> **TASK ITEM**
Set down the data again word for word. Skip any pictures.

THE DATA Start Marker

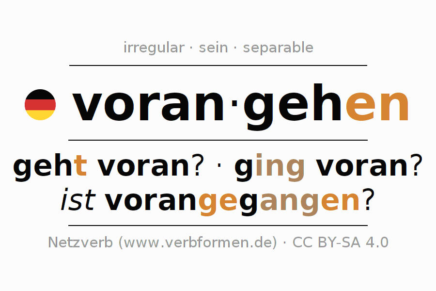 The conjugation of vorangehen in Present Indicative Presence Active is gehe ich voran?, gehst du voran?, geht er voran?, gehen wir voran?, geht ihr voran?, gehen sie voran?.The conjugation corresponds to certain grammatical rules. Likewise the requirements for the conjugation of the simple verb forms of vorangehen in Present. Comments ☆
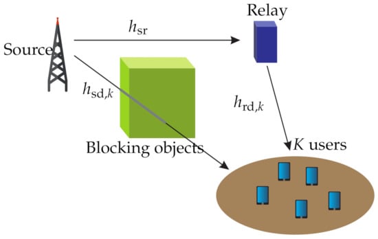 In this scenario, the BS sends the signal to K users in the presence of blockages through the aid of an IRS as depicted in Figure 1. The IRS is equipped with N passive reflecting elements. The signals reflected by each element of the IRS and the signals transmitted by the source can be constructively summed at the destination. Accordingly, the received signal at user k, with is expressed as
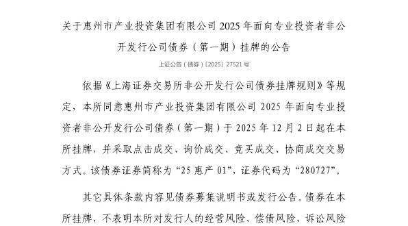 12月1日,上交所发布关于惠州市产业投资集团有限公司2025年面向专业投资者非公开发行公司债券(第一期)挂牌的公告。

THE DATA End Marker

> **FINISHED TASK**
 The conjugation of vorangehen in Present Indicative Presence Active is gehe ich voran?, gehst du voran?, geht er voran?, gehen wir voran?, geht ihr voran?, gehen sie voran?.The conjugation corresponds to certain grammatical rules. Likewise the requirements for the conjugation of the simple verb forms of vorangehen in Present. Comments ☆
 In this scenario, the BS sends the signal to K users in the presence of blockages through the aid of an IRS as depicted in Figure 1. The IRS is equipped with N passive reflecting elements. The signals reflected by each element of the IRS and the signals transmitted by the source can be constructively summed at the destination. Accordingly, the received signal at user k, with is expressed as
 12月1日,上交所发布关于惠州市产业投资集团有限公司2025年面向专业投资者非公开发行公司债券(第一期)挂牌的公告。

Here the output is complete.